● DESCRIPTION OF THE TASK: Copy the listing verbatim, excluding any images found in it.

(DATA)

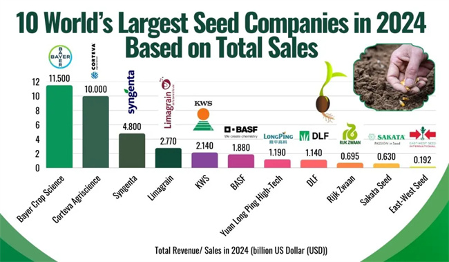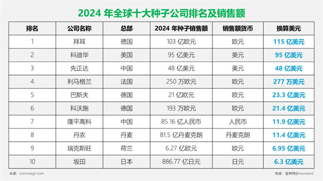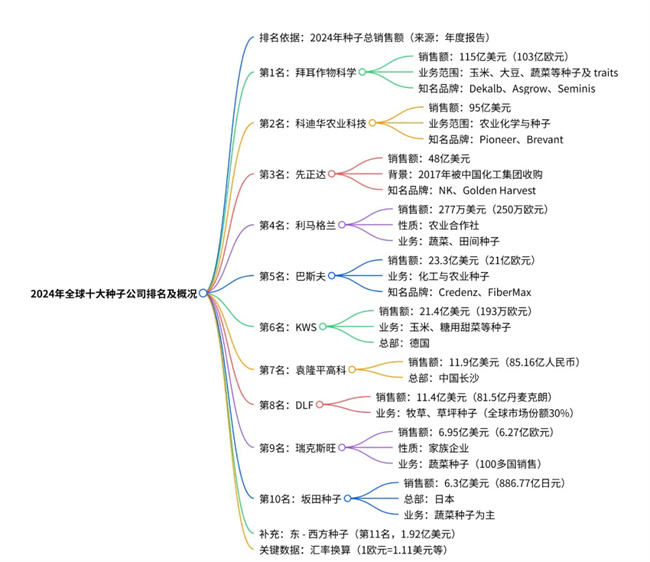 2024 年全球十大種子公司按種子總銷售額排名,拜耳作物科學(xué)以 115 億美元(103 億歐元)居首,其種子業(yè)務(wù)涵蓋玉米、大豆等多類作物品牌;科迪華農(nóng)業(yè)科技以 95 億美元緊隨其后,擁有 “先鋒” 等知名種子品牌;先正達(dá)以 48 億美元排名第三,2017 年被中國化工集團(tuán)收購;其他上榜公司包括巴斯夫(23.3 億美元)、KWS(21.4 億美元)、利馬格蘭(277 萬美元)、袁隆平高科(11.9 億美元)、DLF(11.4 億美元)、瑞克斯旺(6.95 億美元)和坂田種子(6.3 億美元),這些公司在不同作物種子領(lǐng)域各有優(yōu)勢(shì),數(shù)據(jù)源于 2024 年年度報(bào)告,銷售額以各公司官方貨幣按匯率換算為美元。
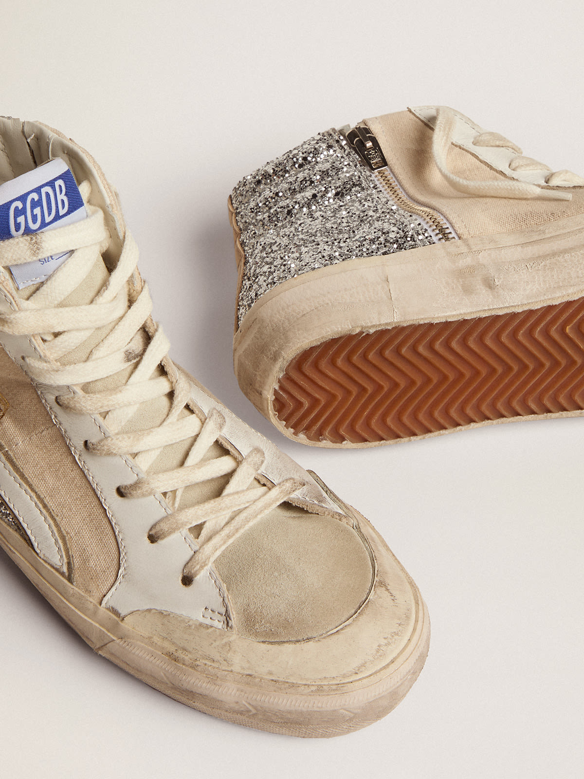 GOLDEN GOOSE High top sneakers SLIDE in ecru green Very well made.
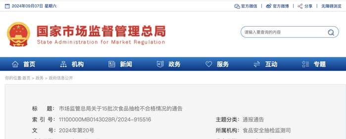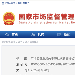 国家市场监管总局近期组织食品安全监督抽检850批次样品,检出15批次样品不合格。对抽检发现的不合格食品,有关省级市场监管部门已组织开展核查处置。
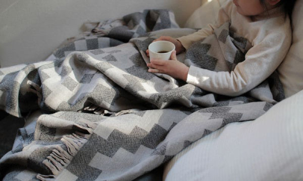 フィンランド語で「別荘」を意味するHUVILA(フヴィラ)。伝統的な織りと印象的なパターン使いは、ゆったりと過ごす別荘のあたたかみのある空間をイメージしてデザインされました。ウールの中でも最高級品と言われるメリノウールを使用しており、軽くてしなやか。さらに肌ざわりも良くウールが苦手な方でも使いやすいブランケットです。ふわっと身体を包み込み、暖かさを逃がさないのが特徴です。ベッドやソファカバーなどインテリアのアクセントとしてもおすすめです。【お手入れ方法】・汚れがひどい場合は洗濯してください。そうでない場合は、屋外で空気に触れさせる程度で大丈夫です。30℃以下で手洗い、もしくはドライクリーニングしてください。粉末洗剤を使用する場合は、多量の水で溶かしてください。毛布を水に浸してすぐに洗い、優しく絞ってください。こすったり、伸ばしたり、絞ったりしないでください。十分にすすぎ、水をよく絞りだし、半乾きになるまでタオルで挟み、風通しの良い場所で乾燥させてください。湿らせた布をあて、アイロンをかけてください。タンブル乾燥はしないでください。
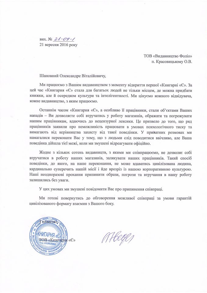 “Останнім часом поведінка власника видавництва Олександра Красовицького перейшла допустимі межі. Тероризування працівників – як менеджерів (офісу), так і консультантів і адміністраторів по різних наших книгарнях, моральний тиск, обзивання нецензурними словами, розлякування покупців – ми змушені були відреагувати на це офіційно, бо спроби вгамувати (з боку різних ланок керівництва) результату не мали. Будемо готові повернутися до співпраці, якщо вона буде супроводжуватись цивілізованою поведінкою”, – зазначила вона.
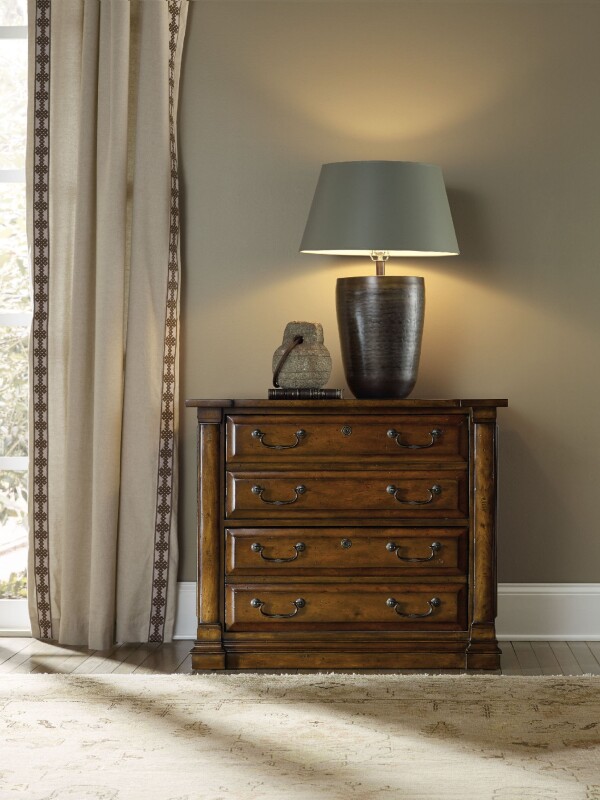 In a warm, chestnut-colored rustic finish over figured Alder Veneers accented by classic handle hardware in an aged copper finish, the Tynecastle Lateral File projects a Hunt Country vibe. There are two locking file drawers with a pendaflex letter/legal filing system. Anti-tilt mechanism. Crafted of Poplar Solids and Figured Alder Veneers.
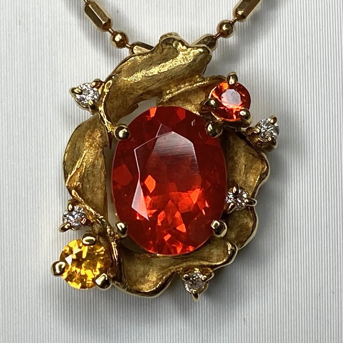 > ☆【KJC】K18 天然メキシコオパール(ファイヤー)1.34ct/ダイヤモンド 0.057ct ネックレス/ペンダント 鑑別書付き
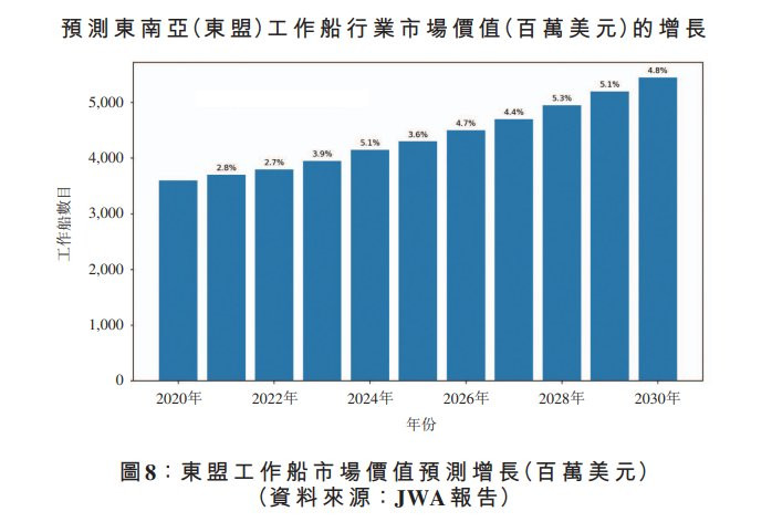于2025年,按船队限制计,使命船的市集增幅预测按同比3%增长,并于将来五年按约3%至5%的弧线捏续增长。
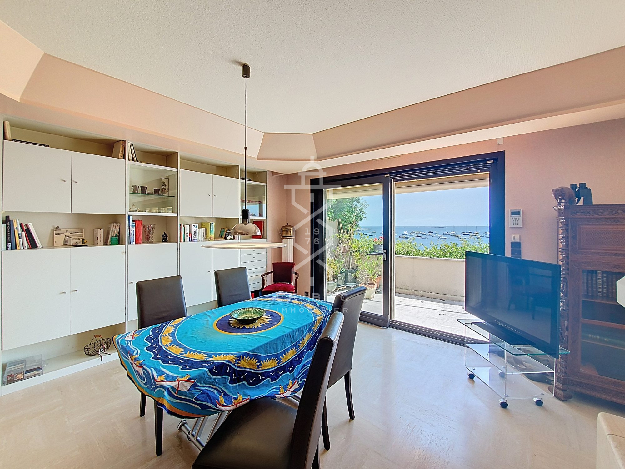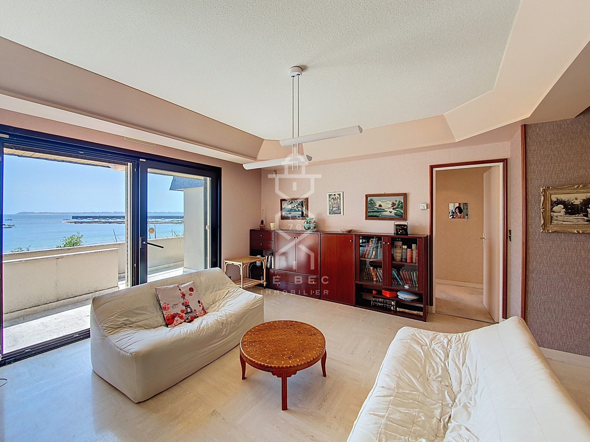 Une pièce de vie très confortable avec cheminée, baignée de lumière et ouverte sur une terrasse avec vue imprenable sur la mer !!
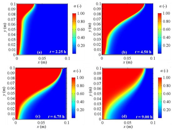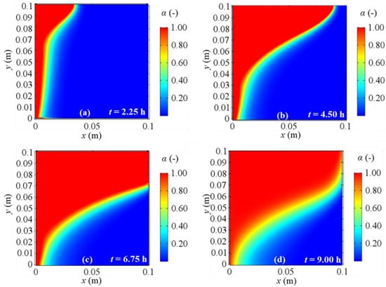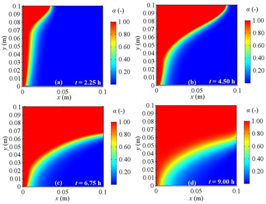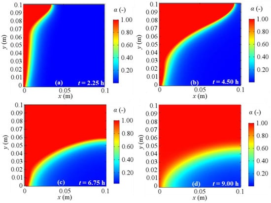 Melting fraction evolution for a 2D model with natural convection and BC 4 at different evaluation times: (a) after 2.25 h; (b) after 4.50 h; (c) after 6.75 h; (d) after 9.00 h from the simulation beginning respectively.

(End DATA)

● ANSWER TO THIS EXERCISE:
 2024 年全球十大種子公司按種子總銷售額排名,拜耳作物科學(xué)以 115 億美元(103 億歐元)居首,其種子業(yè)務(wù)涵蓋玉米、大豆等多類作物品牌;科迪華農(nóng)業(yè)科技以 95 億美元緊隨其后,擁有 “先鋒” 等知名種子品牌;先正達(dá)以 48 億美元排名第三,2017 年被中國化工集團(tuán)收購;其他上榜公司包括巴斯夫(23.3 億美元)、KWS(21.4 億美元)、利馬格蘭(277 萬美元)、袁隆平高科(11.9 億美元)、DLF(11.4 億美元)、瑞克斯旺(6.95 億美元)和坂田種子(6.3 億美元),這些公司在不同作物種子領(lǐng)域各有優(yōu)勢(shì),數(shù)據(jù)源于 2024 年年度報(bào)告,銷售額以各公司官方貨幣按匯率換算為美元。
 GOLDEN GOOSE High top sneakers SLIDE in ecru green Very well made.
 国家市场监管总局近期组织食品安全监督抽检850批次样品,检出15批次样品不合格。对抽检发现的不合格食品,有关省级市场监管部门已组织开展核查处置。
 フィンランド語で「別荘」を意味するHUVILA(フヴィラ)。伝統的な織りと印象的なパターン使いは、ゆったりと過ごす別荘のあたたかみのある空間をイメージしてデザインされました。ウールの中でも最高級品と言われるメリノウールを使用しており、軽くてしなやか。さらに肌ざわりも良くウールが苦手な方でも使いやすいブランケットです。ふわっと身体を包み込み、暖かさを逃がさないのが特徴です。ベッドやソファカバーなどインテリアのアクセントとしてもおすすめです。【お手入れ方法】・汚れがひどい場合は洗濯してください。そうでない場合は、屋外で空気に触れさせる程度で大丈夫です。30℃以下で手洗い、もしくはドライクリーニングしてください。粉末洗剤を使用する場合は、多量の水で溶かしてください。毛布を水に浸してすぐに洗い、優しく絞ってください。こすったり、伸ばしたり、絞ったりしないでください。十分にすすぎ、水をよく絞りだし、半乾きになるまでタオルで挟み、風通しの良い場所で乾燥させてください。湿らせた布をあて、アイロンをかけてください。タンブル乾燥はしないでください。
 “Останнім часом поведінка власника видавництва Олександра Красовицького перейшла допустимі межі. Тероризування працівників – як менеджерів (офісу), так і консультантів і адміністраторів по різних наших книгарнях, моральний тиск, обзивання нецензурними словами, розлякування покупців – ми змушені були відреагувати на це офіційно, бо спроби вгамувати (з боку різних ланок керівництва) результату не мали. Будемо готові повернутися до співпраці, якщо вона буде супроводжуватись цивілізованою поведінкою”, – зазначила вона.
 In a warm, chestnut-colored rustic finish over figured Alder Veneers accented by classic handle hardware in an aged copper finish, the Tynecastle Lateral File projects a Hunt Country vibe. There are two locking file drawers with a pendaflex letter/legal filing system. Anti-tilt mechanism. Crafted of Poplar Solids and Figured Alder Veneers.
 > ☆【KJC】K18 天然メキシコオパール(ファイヤー)1.34ct/ダイヤモンド 0.057ct ネックレス/ペンダント 鑑別書付き
于2025年,按船队限制计,使命船的市集增幅预测按同比3%增长,并于将来五年按约3%至5%的弧线捏续增长。
 Une pièce de vie très confortable avec cheminée, baignée de lumière et ouverte sur une terrasse avec vue imprenable sur la mer !!
 Melting fraction evolution for a 2D model with natural convection and BC 4 at different evaluation times: (a) after 2.25 h; (b) after 4.50 h; (c) after 6.75 h; (d) after 9.00 h from the simulation beginning respectively.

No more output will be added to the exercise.